Reggio Emilia, 15 novembre 2024 – “Quando mio figlio aveva quattro anni lo portai in una struttura privata in Albania (Paese di orgine della coppia, ndr), specializzata per trattare l’autismo, per un consulto. Furono loro a consigliarmi l’Italia, e Reggio in particolare per il progetto ’Città senza barriere’, come paese attento all’istruzione infantile. Quello che stiamo vivendo ora mi sembra assurdo”.
La mamma di Luca (nome di fantasia per tutelarlo), un bambino di sette anni affetto da un disturbo dello spettro autistico, per cui la richiesta di trasferimento da una scuola primaria all’altra è diventata un inferno, è delusa da una società che, lascia intendere, “invece di abbattere le barriere, le costruisce”.
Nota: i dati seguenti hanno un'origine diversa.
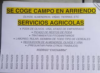 se coge campo en arriendo servicios agrícolas picado de restos de poda atado de viñas emparrado poda de olivas siembra con sembradora de precision desvaretado chuponado recolectores de aceituna uva almendros pistachos preguntar sin compromiso precios condiciones y demás trabajos nos desplazamos teléfono 602 21 65 29 #alquiler, fincas, finca, riego, tierras, cebada, hectáreas, viñas, parras, emparrado, olivo, oliva, picado, picar, triturado, poda, campañas, recogida, recolección, paraguas, almendras, almendros, pistacho, siembra #
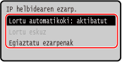 Normalean, ezarri [Aktibatuta] gisa. DHCPrekin gordetako IP helbideak lehentasuna izan arren, DHCPk erantzuten ez badu, Auto IP erabiliko da.
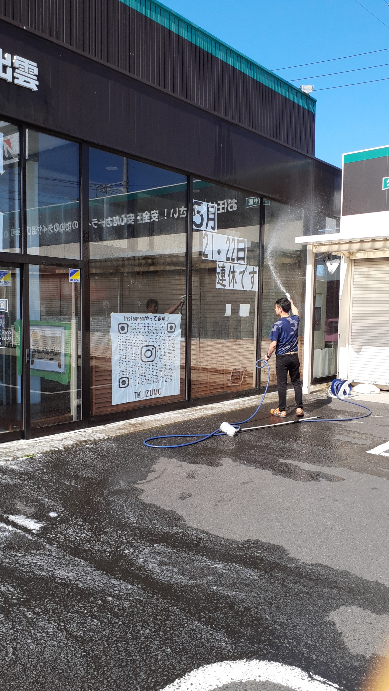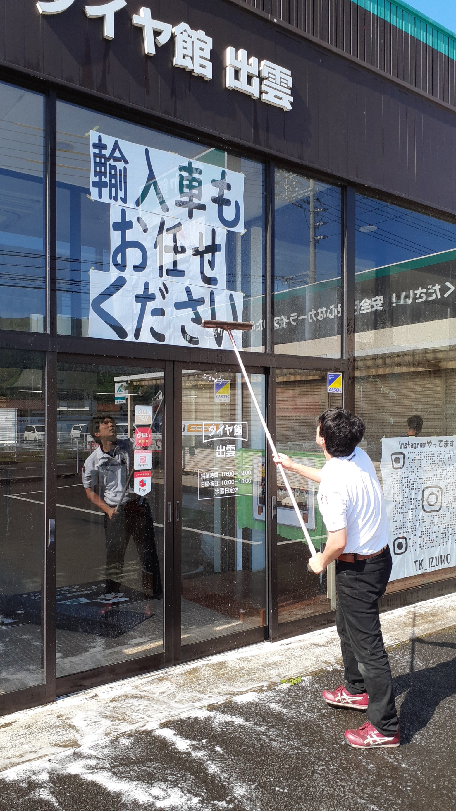 今回は店回りピカピカ大作戦と称して、朝から店舗の窓ガラス清掃をしました♪
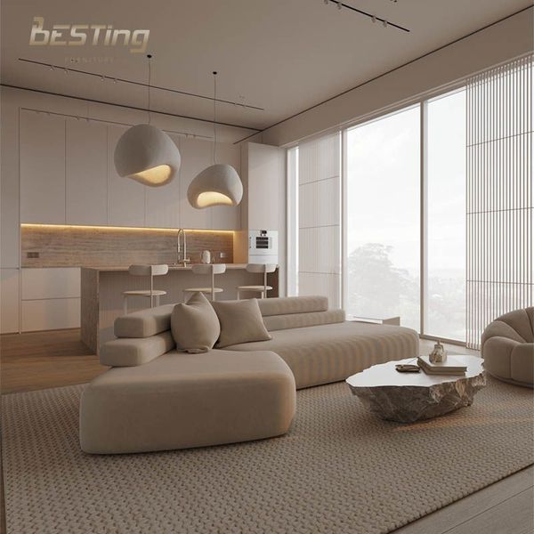 American Modern Luxury Down White Sofa Set Furniture Living Room Comfortable White Chaise Longue Sectional Cloud Sofa$550
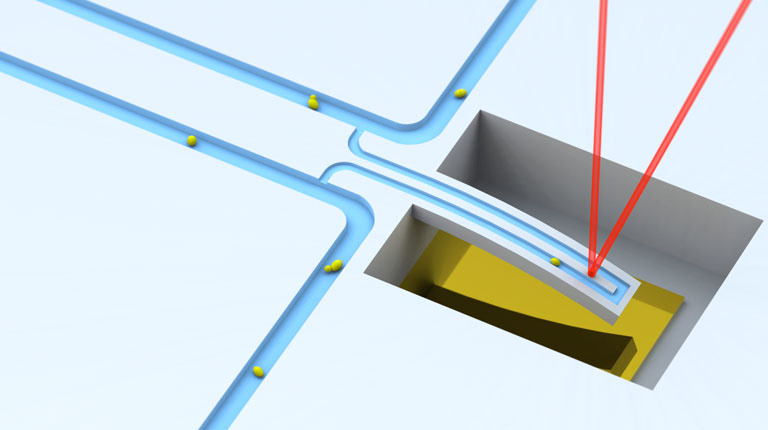 "The image is an artistic rendition of the Suspended Microchannel Resonator (SMR). The SMR is a microfabricated silicon cantilever beam that is packed inside an on-chip vacuum chamber. The SMR has been used to make unparalleled sensitive mass measurements of live cells and its dynamics and is currently being integrated with other biochemical and biomechanical techniques."
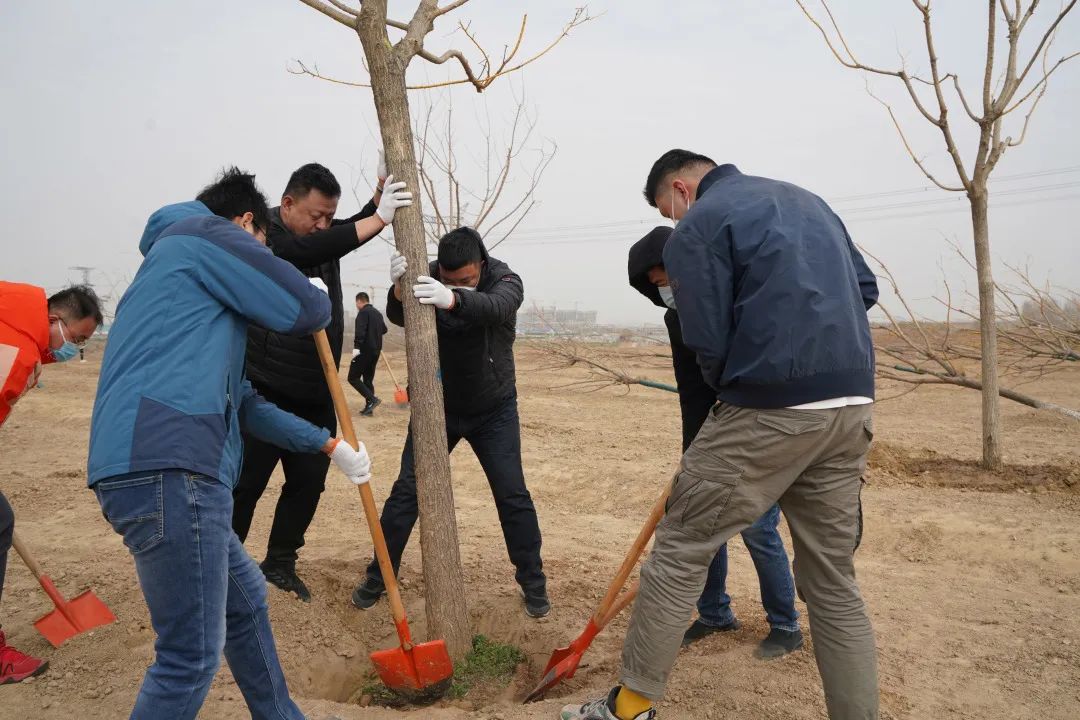 植樹活動(dòng)中,大家在工作人員的指引下,密切合作、分工配合,在樹木種植范圍內(nèi),深挖基礎(chǔ),厚培春壤,種下數(shù)百棵樹苗,為泉城濟(jì)南增添新綠。
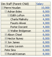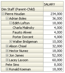 If we now create a report containing, the Staff Hierarchy and Salary, we can notice that the salaries get rolled up. Also, the individual's salary gets added to the Rolled-up salary (For ex. Edith Lofton's Salary = Sum of Salaries of Descendants + Salary of Edith Lofton).
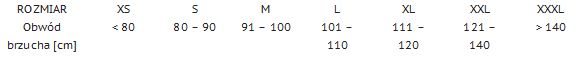 Przed zakupem zaleca się zmierzyć obwód brzucha i dobrać odpowiedni rozmiar pasa według tabeli.
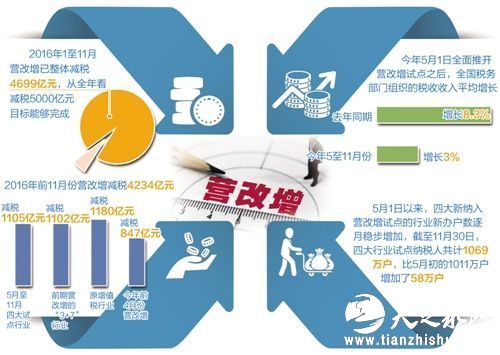 据统计,5月至11月,四大新纳入试点行业累计减税1105亿元,税负下降14.7%。1月至11月营改增减税4234亿元。考虑到城建税及教育费附加和个人二手房减税因素,1月至11月营改增带来的整体减税已达到4699亿元,全年减税5000亿元的目标将能实现。
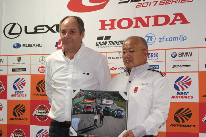 GTA記者会見: DTMのゲルハルト・ベルガーチェアマンと板東正明GTA代表取締役社長

La famiglia ha vinto il ricorso al Tar per il trasferimento: il suo bimbo da ottobre non risulta più iscritto alla scuola in cui ha frequentato la prima classe, ma allo stesso tempo, benché la famiglia abbia sentito diverse scuole per l’iscrizione alla classe seconda, nessun istituto gli ha aperto le porte. La vicenda è arrivata al culmine l’anno scorso, dopo rapporti inaspriti nel tempo.
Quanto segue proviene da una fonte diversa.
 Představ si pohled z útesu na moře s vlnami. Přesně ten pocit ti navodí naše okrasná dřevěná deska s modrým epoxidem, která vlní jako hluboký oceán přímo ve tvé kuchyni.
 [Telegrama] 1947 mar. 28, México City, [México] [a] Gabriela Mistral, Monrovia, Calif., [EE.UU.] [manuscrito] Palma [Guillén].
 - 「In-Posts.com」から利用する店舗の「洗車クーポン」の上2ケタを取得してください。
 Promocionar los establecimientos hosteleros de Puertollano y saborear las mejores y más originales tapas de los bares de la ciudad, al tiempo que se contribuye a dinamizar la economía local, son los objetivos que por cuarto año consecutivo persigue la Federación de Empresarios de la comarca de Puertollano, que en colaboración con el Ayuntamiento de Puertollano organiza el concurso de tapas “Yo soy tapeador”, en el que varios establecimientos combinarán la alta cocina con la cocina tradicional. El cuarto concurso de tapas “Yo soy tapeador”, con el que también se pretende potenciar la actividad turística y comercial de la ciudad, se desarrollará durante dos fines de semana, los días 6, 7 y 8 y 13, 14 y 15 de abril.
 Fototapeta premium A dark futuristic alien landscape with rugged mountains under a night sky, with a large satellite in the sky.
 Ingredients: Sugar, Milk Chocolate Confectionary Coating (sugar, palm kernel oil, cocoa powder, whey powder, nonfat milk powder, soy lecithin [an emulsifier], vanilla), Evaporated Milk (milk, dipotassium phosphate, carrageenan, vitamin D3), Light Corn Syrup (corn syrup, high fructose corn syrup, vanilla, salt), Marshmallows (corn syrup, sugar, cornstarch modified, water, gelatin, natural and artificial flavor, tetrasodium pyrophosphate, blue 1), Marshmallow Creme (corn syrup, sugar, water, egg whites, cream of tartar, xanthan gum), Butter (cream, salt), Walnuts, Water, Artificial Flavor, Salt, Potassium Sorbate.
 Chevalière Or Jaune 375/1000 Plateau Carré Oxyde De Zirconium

“Il bambino presenta difficoltà nel linguaggio, per questo da almeno quattro anni lo seguo privatamente. E con una terapia mirata oggi qualche parolina riesce a pronunciarla”, spiega la dottoressa Emilia Graziella Sassi, laureata in scienze dell’educazione e in pedagogia, formatrice per la scuola per diverso tempo. “L’anno scorso, all’inizio dell’anno scolastico, la famiglia si offrì per sostenere le spese a scuola per una mia cooperazione nel percorso scolastico. In un primo tempo la scuola accettò”. La pedagogista così, una volta a settimana, ha supportato il bambino durante l’orario scolastico, fino alle vacanze di Natale: “Poi, all’improvviso, la scuola ha deciso di voler curare il percorso formativo del bimbo senza la mia collaborazione”.
Da quel momento i rapporti con la famiglia e l’insegnante di sostegno si sono incrinati. “L’istituto fece capire ai genitori che se la decisione non fosse andata bene potevano rivolgersi altrove. La famiglia si è sentita inascoltata ed esclusa dalle decisioni scolastiche del figlio”. Così a luglio, dopo che il bimbo è stato promosso in seconda classe, la famiglia ha avviato un percorso con un altro istituto per favorire l’inserimento in una nuova scuola. L’istituto comprensivo di partenza però, dopo averlo rilasciato, a settembre scorso ha annullato il nulla osta al passaggio da una scuola all’altra. I genitori allora, assistiti dall’avvocato Cristian Immovilli, hanno presentano ricorso al Tar, accolto il 24 ottobre e che ha validato il nulla osta per il trasferimento. Di fatto però il piccolo Luca non è ancora rientrato tra i banchi di scuola come i compagni. “La frequenza scolastica è obbligatoria, quindi una scuola dovrà essere individuata – dice l’avvocato Immovilli –. Speriamo che nelle prossime ore ci sia un chiarimento da parte degli uffici scolastici competenti”.
“Si sta giocando con la vita di un bambino – incalza la madre –. Per chi è autistico stare assieme agli altri è stimolante; fermo restando che anche mio figlio ha il diritto di andare a scuola. Da genitore questo vicenda mi fa male, ma ci batteremo per tutelarlo”. E avvisa che se entro oggi non riceverà una risposta “provvederemo con l’esecuzione della sentenza in Tribunale”.
L’appello al Tar (vinto) per trasferire un figlio affetto dal disturbo dello spettro autistico in un altro istituto scolastico e il successivo rifiuto da parte delle altre dirigenze scolastiche interpellate per il nuovo inserimento, una cosa simile Roberto Vassallo dell’associazione Aut Aut, non l’aveva mai vista prima: “ Mi chiedo se stiamo perdendo di vista i diritti fondamentali. La scuola è sempre stata l’ultima delle nostre battaglie, non perché meno importante di altre, ma perché la stessa legge tutela il diritto all’istruzione. Per anni ci siamo battuti per garantire un’occupazione ai nostri ragazzi dopo la scuola, ora rischiamo di dover lottare per assicurare loro anche un banco e una sedia in classe. Siamo davvero arrivati a questo punto?”.